Current News: An Even Easier Way For Web Audiences To Get On TV

current-loo.pngAs Al Gore’s Current Media gets ready for its IPO, the cable channel is drawing more on its Website audience for TV content. Today, it is launching Current News, a three-minute wrap-up culled from audience submissions on the Web that will play every hour on Current TV. As such, the site now has a new look, with the audience contributions front and center. Each one can be voted up the page, and at the very top are the most popular, which get packaged together every hour on TV in the new Current News segment. The video can also be seen on the Website.

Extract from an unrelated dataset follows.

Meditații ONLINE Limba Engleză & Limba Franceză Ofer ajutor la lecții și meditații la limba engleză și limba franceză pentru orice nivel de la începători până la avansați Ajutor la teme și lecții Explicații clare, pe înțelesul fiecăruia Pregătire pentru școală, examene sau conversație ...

From the very beginning, Current has solicited submissions from its Web audience. About a third of the segments on the news channel are shot and produced by freelancers who submit via the Website. If their video is played on TV, Current pays them at least $1,000. But, says Current’s Web strategist Robin Sloan, “There is a pretty limited audience of people who can create good stuff. We wanted to give more people a chance to contribute.” So last October, the company relaunched its Website as Current.com (from Current.tv), and let the audience items that are easier to create than a fully-produced TV-quality video. They were allowed to submit links, YouTube videos, Flickr photos, and Webcam comments.

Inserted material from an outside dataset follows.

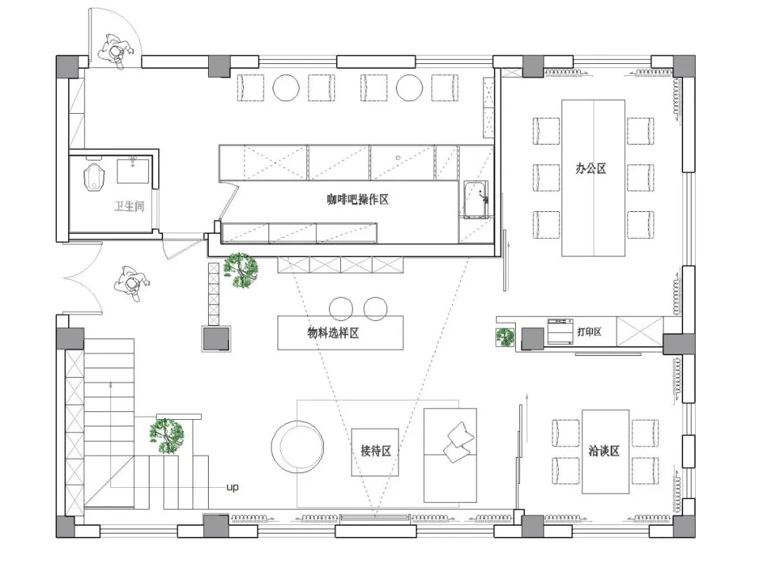 一个最佳的办公空间,应注重将生活和工作完美融合,增加空间的开放性和趣味性,作为一个平台培养着日常生活状态,分享工作和日常,延伸出更为有趣的生活方式,并且在稳定员工、保持高效产出的同时,还能在客户到访时辅助与推动合作达成。

Now, with Current News and the redesign of the site, the audience contributions that are voted to the top of the page are put together into a video by editors at Current, who throw in some graphics and a quirky computerized female voice that narrates. The feedback loop between the Website and the TV channel will now be measured in hours, not days. “This is the perpetual beta taken to TV,” says Sloan. Here is an example of what the mashup video looks like:

http://current.com/e/88883469
The robot voice really needs to go.

Current Media makes nearly all of its money from the cable channel. Last year, it lost $9.7 million, on revenues of $63.8 million. But revenues grew 68 percent, and its Websiet is finally starting to show some signs of life. Sloan says monthly uniques are at 1.5 million. ComScore measured about 500,000 U.S. visitors in February, which spiked up from 150,000 before that (see chart). Making it easier to get on TV and revolving the entire site around that should help the Web traffic even more.